So unterstützen Sie als Betriebsrat beim Thema Kündigung

Ob einvernehmlich oder völlig überraschend: Geht es um eine (mögliche) Beendigung des Arbeitsverhältnisses, sind bestimmte Informationen manchmal entscheidend wichtig. In einer Notsituation einen kühlen Kopf zu bewahren – auch dabei kann man als Betriebsrat den Kollegen im Betrieb helfen. Der Kündigungsschutz ist ein wichtiges und oft auch weites Feld für Betriebsräte. Denn zu diesem Thema ist man immer gefragt.

Julia Friedrich | ifb

Stand:  16.1.2024
Lesezeit:  03:15 min

Kündigungsform und -frist: Was sind typische Formfehler?

Beim Ausspruch einer Kündigung müssen bestimmte gesetzliche Formvorschriften und Fristen eingehalten werden. Einige formelle Fehler können sogar dazu führen, dass die Kündigung unwirksam ist. Das bedeutet, dass nicht jede ausgesprochene Kündigung auch zur Beendigung des Arbeitsverhältnisses führen muss. Allerdings schützen Formfehler oft nicht vor einer erneuten Kündigung.

Achtung:
Arbeitnehmer haben nur drei Wochen Zeit, um Kündigungsschutzklage zu erheben!

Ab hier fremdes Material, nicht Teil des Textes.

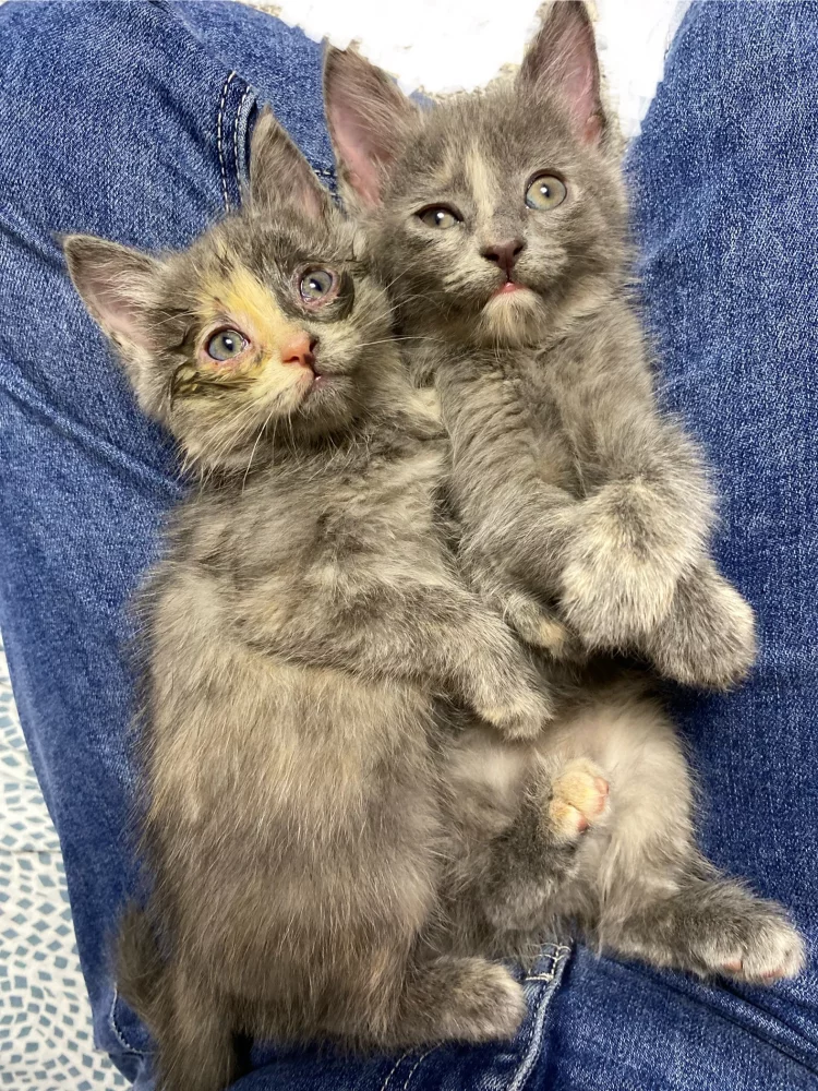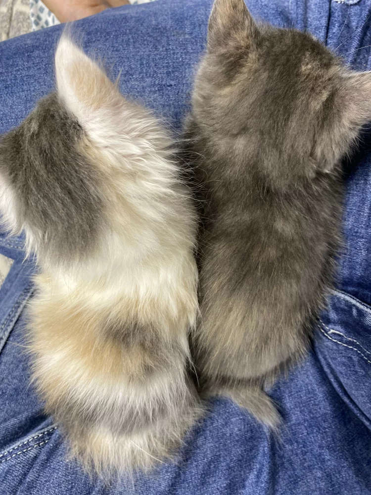 Котята 3 девочки, 2 серенькие, одна бело-серо-рыжая пушистая.

Als Betriebsrat können Sie die Kollegen im Betrieb auf die kurze Klagefrist hinweisen. Denn bei einer Kündigung müssen Arbeitnehmer schnell handeln! Um die Wirksamkeit der Kündigung überprüfen zu lassen, muss rechtzeitig beim zuständigen Arbeitsgericht Klage erhoben werden.

Voraussetzungen einer wirksamen Kündigungserklärung

Die Kündigungserklärung von Arbeitgeber bzw. Arbeitnehmer löst die Beendigung des Arbeitsverhältnisses für die Zukunft aus. Deshalb muss auch klar zum Ausdruck kommen, dass diese Beendigung gewollt ist, ohne zwingend das Wort „Kündigung“ zu erwähnen. Bis auf wenige Ausnahmen ist es auch nicht nötig, in der Kündigungserklärung den Grund oder die Gründe anzugeben. Die Gründe müssen lediglich nachweisbar bei der Erklärung vorgelegen haben.

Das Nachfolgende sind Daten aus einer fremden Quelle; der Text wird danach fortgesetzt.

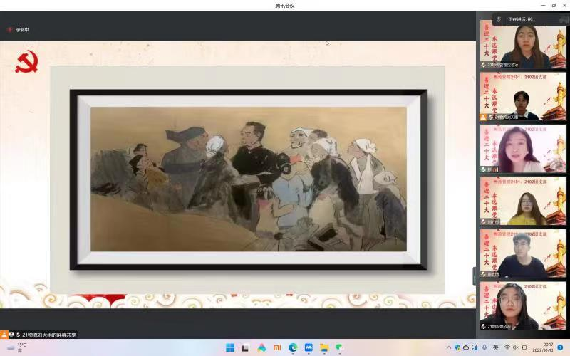 为迎接党的二十大召开,深入学习贯彻习近平新时代中国特色社会主义思想,引导团支部团员青年深刻感悟新时代党和国家事业发展的伟大成就,积极营造喜迎党的二十大的浓厚氛围,10月9日,21级物流管理02“新青年”理论学习型“一团一品”特色团支开展“喜迎二十大·永远跟党走”精品团日活动。

Wichtig für den Betriebsrat!
Dem Betriebsrat muss der Arbeitgeber jedoch nach § 102 Abs. 1 S. 2 BetrVG immer die Gründe für die Kündigung mitteilen.

Schriftform der Kündigung

Eine Kündigung muss stets schriftlich mit einer Original-Unterschrift erfolgen. Das bedeutet, Faxe, E-Mails, Kopien, auch farbige PDF-Kopien, reichen nicht aus. Hier passieren in der Praxis immer wieder Fehler.

Wann ist die Kündigung zugegangen?

Die Kündigungserklärung ist empfangsbedürftig. Das bedeutet, sie wird erst wirksam, wenn sie dem betroffenen Arbeitnehmer auch zugegangen ist. Ab dem Zeitpunkt des Zugangs beginnt zum einen die 3-Wochen-Frist für die Erhebung der Kündigungsschutzklage zu laufen.

Zum andern hat der Zeitpunkt des Zugangs große Bedeutung für die Berechnung der Kündigungsfrist. Wenn die Kündigung nur bis zu einem bestimmten Stichtag möglich ist, z. B. zum 15. oder zum Ende eines Monats, muss die Kündigung rechtzeitig zugehen. Tut sie das nicht, verlängert sich die Frist bis zum nächsten Stichtag.

Mit der Frage des Zugangs beschäftigen sich in der Praxis auch immer wieder unsere Arbeitsgerichte. Einige Beispiele:

  • Wird eine schriftliche Kündigung im Betrieb dem Arbeitnehmer persönlich ausgehändigt, ist sie sofort, also mit Aushändigung, zugegangen. Und zwar auch dann, wenn der Empfänger nicht damit einverstanden ist, die Erklärung nicht liest oder sogar wegwirft. Die Übergabe sollte aber stets unter Zeugen geschehen.
  • Wird der Brief vom Postboten in den Briefkasten geworfen, ggf. auch als Einwurfeinschreiben, gilt er zu dem Zeitpunkt als zugegangen, zu dem der Briefkasten üblicherweise geleert wird. Auch hier kommt es nicht darauf an, dass der Empfänger das Schreiben tatsächlich liest. Entscheidend sind die gewöhnlichen Umstände.
  • Eine durch einen Boten oder ein Übergabeeinschreiben zugesandte Kündigung geht erst mit der Aushändigung zu. Das Schreiben kann grundsätzlich auch einem anderen Bewohner der Wohnung (z. B. Ehefrau) übergeben werden. Hier kommt es beim Zeitpunkt darauf an, wann unter gewöhnlichen Umständen die Weitergabe erfolgt.
  • Geht die Kündigung während des Urlaubs zu, gelten trotzdem die allgemeinen Regeln des Zugangs, wie wenn der Arbeitnehmer nicht im Urlaub wäre. Kann der Arbeitnehmer wegen des Urlaubs nicht fristgerecht Klage einreichen, hat er allerdings die Möglichkeit einer nachträglichen Zulassung seiner Klage gemäß § 5 KSchG (Kündigungsschutzgesetz).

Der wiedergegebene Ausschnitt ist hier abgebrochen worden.